Error detection and correction

Presentation

In our communication-based society, besides confidentiality of the exchanged information, a reliable cerfication of correctness of received data is a crucial proble. Indeed, reading or transmission errors appear regularly, and it is important to add redondancy in sent messages in order to be able to obtain the message in correct form. The code correction theory is the art of introducing such a redondacy with maximal efficiency and correction rate. As such, we introduce

• productivity R<1 equal to the ratio of the number of symbol of each significant word of the message with the total number of symbols of the sent message,
• the ration between the minimal distance between two words of the code and the size of the code.

A code is called excellent when the couple (R_n,d_n), indexed by the size n of the code is larger, for n large enough, to the Gilbert-Varshamov bound.
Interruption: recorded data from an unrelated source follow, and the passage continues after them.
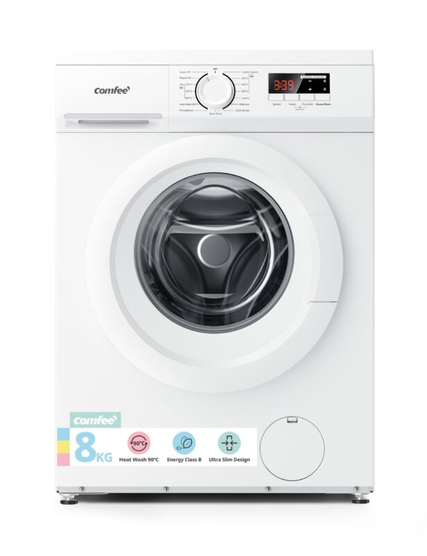 COMFEE’ Freestanding Washing Machine,8KG Load,1400RPM,Heat Wash,Quick Wash,BLDC Durable Inverter Motor,White-CFE12EW80/W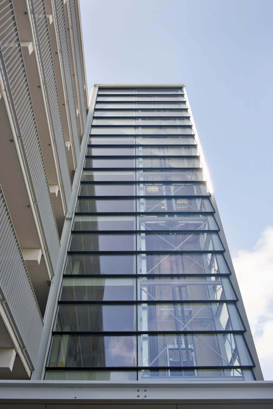 Architectonische blikvangers zijn twee nieuwe transparante torens bij de entrees. Deze torens doorbreken de horizontale galerijen met een opvallend verticaal element, waardoor het aanzicht van de flats veel minder massief wordt. Ze zijn vrijwel helemaal opgebouwd uit iets naar achteren gekantelde glazen lamellen. De beglazing in de toren van de Castor-flat, aan de zonzijde, is voorzien van een oranje zeefdruk in streeppatroon die zorgt voor zonwering.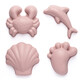 Το σετ περιλαμβάνει 4 καλούπια: πατουσάκι, δελφινάκι, καβουράκι, κοχύλι και έρχεται μέσα σε μία εύχρηστη τσαντούλα από δίχτυ, ιδανική για την άμμο και τη θάλασσα!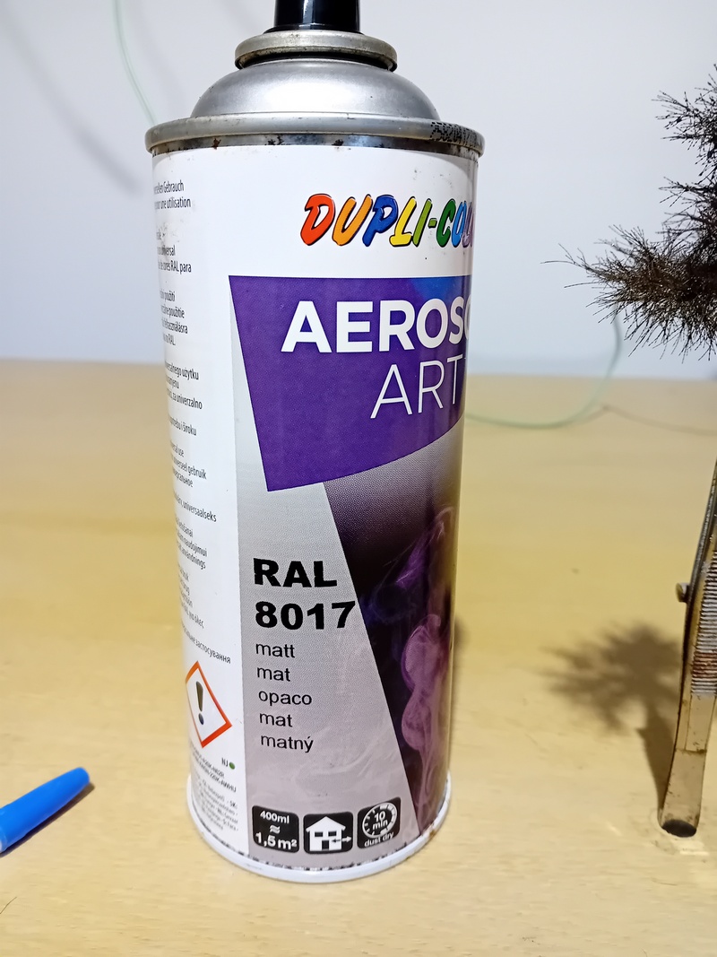 Chytit nálet do samodržící pinzety a zastříkat hnědým sprejem. Jak je vidět, nemá smysl dělat jeden nálet ale větší množství. Není to tak pracné, tak to jde dost rychle i při větším množství.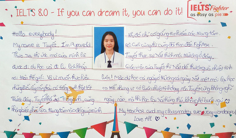 My name is Tuyết. I'm 17 years old. Thực ra thì ước mơ của mình là được đi du học và đi du lịch khắp nơi trên thế giới. Và vì muốn thực hiện những điều ấy cần phải co tiếng Anh thật tốt. Trước đây, Tuyết "khá" sợ tiếng Anh, cũng không biết phải lựa chọn trung tâm nào để giúp mình. Khi đó chỉ cố gắng tìm kiếm các trung tâm. Rồi cuối cùng thì cũng đã tìm đến Fighter. Tuyết thực sự rất thích môi trường ở đây. Giáo viên của Tuyết thì rất dễ thương và nhiệt tình luôn! Mặc dù học cả ngày ở trường cả ngày rất mệt mỏi, lại học ca trễ nhưng vì cô luôn nhiệt tình dạy nên Tuyết cũng không nghỉ ngày nào, mà khi học lại rất hứng thú, không hề buồn ngủ ^.^

Goppa codes are codes of finite fields that attain that bound, but the introduction of algrebraic geometry was necessary to overtake it.

The lecture will be split into theoretical ingredients needed from the algebraic geometry and the implementation of the codes on computer.
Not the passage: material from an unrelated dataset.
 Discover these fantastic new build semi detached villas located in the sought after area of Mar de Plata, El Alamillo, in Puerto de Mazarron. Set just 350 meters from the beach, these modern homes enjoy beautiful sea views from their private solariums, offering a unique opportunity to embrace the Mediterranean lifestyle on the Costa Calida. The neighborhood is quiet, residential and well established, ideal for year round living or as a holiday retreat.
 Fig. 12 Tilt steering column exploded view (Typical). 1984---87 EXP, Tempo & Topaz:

• Algebraic geometry tools : the idea is to be able to construct algebraic curves with many rational points. We introduce algebraic curves, their field of functions, their space and their divisor. The Riemann-Roch theorem will be the high point of the theoretical part of this lecture.
• We will then study Goppa codes, generalized Reed-Solomon codes and Sidelnikov-Shestakov attack, as well as McEliece and Nederreiter cryptosystems.
• We also present the basic, but important tools that are hash funsion, then the concept of electronic signatures and blockchain, that are based on that tool.